Soft robotics material

C&I Issue 5, 2018

Traditional electronics are made from rigid and brittle materials. However, a new ‘self-healing’ electronic material allows a soft robot to recover its circuits after it is punctured, torn or even slashed with a razor blade. Made from liquid metal droplets suspended in a flexible silicone elastomer, it is softer than skin and can stretch about twice its length before springing back to its original size (Nature Materials; doi:10.1038/s41563-018-0084-7).

Image: Victor Habbick Visions/Science photo library

‘The material around the damaged area automatically creates new conductive pathways, which bypass the damage and restore connectivity in the circuit,’ explains first author Carmel Majidi at Carnegie Mellon University in Pittsburgh, Pennsylvania. The rubbery material could be used for wearable computing, electronic textiles, soft field robots or inflatable extra-terrestrial housing.

The metal micro-droplets are 75% gallium and 25% indium by weight. This mixture is liquid and non-toxic at room temperature. The researchers placed the liquid metal into the rubber and mixed it until micro-droplets formed. ‘There is a sweet spot for the size of the droplets,’ says Majidi. ‘We had to get the size not so small that they never rupture and form electronic connections, but not so big they would rupture even under light pressure.’

Once sufficient pressure is applied, the rubber material fails and the droplets burst and coalesce with neighbours. The region around the damage goes from electrically insulating to electrically conducting as it is repaired. The electronic circuit is largely undisrupted, as demonstrated by a soft robot that moved uninterrupted even though its circuits were hacked and punctured.

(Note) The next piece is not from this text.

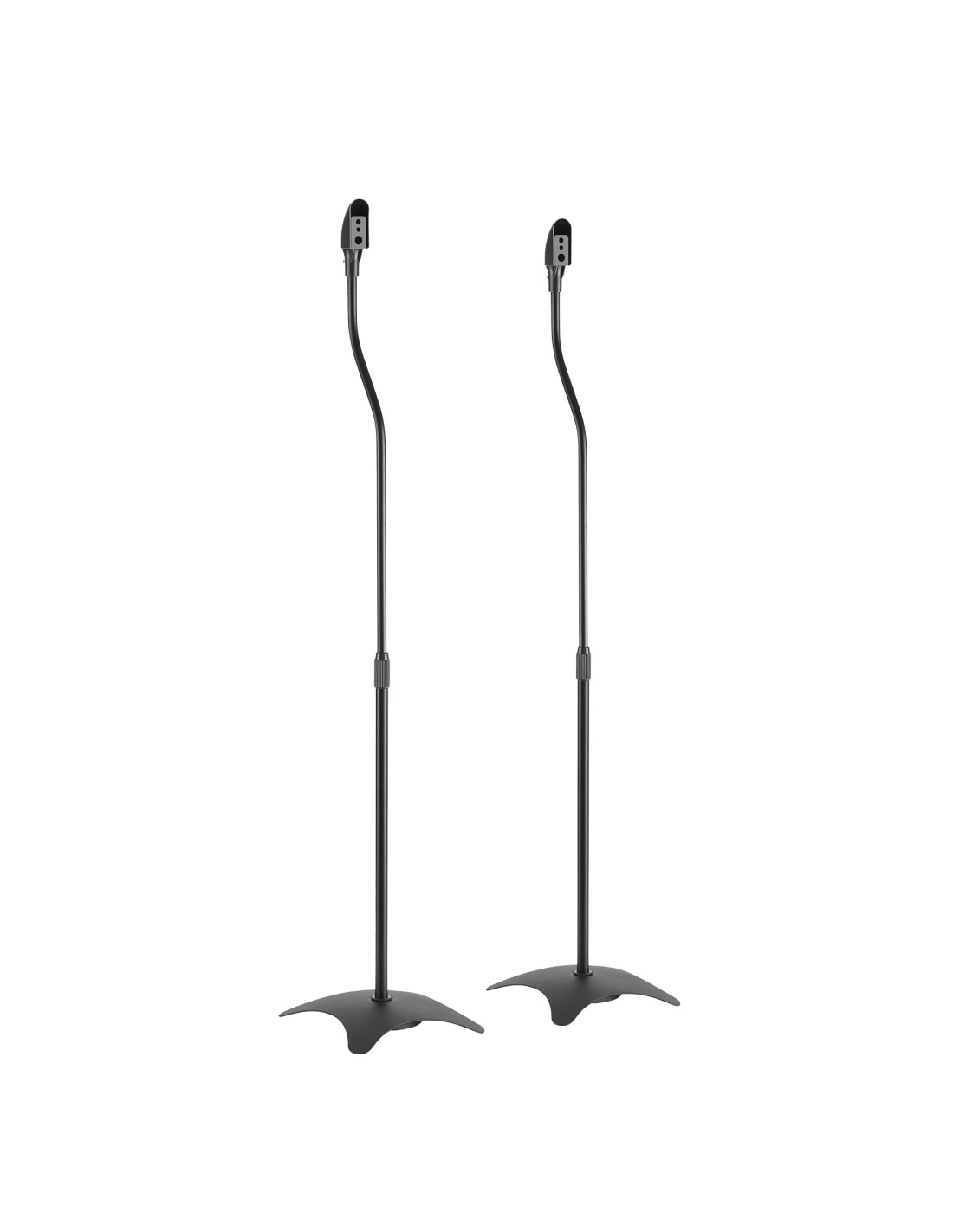 El soporte de suelo para altavoz HTS10 es perfecto para altavoces satélite domésticos que pesen hasta 4,5 kg. El soporte se puede ajustar en altura entre 680 mm y 1100 mm para que coincida con el nivel del oído y proporcione la distribución de sonido más deseable. La construcción de acero sólido forma un marco sólido para garantizar la estabilidad en uso y la base de peso especialmente agregada evita que se vuelque. La base de hierro fundido también cuenta con una ruta de cable oculta para brindar un aspecto limpio y ordenado después de la instalación.

‘This material could allow us to create soft robots and stretchable circuit wiring for inflatable structures. The composites maintain their properties under a wide range of temperatures, so they could be deployed in space or on Mars or the Moon,’ says Majidi.

‘They have created a new type of material that is not self-healing in a structural sense, but allows adaptive electrical behaviour, which is then applied in a small robot that is able to continue to function despite severe damage to its electric circuits,’ comments Joost Brancart, materials engineer at Vrije Universiteit Brussels, Belgium. ‘Of all self-healing concepts proposed in literature only a few percent are actually tested and confirmed in applications.’

However, ‘at about €15/g of the liquid metal (LM) and a LM loading of about 50%, the material becomes very expensive, compared with electrically conductive alternatives,’ he notes.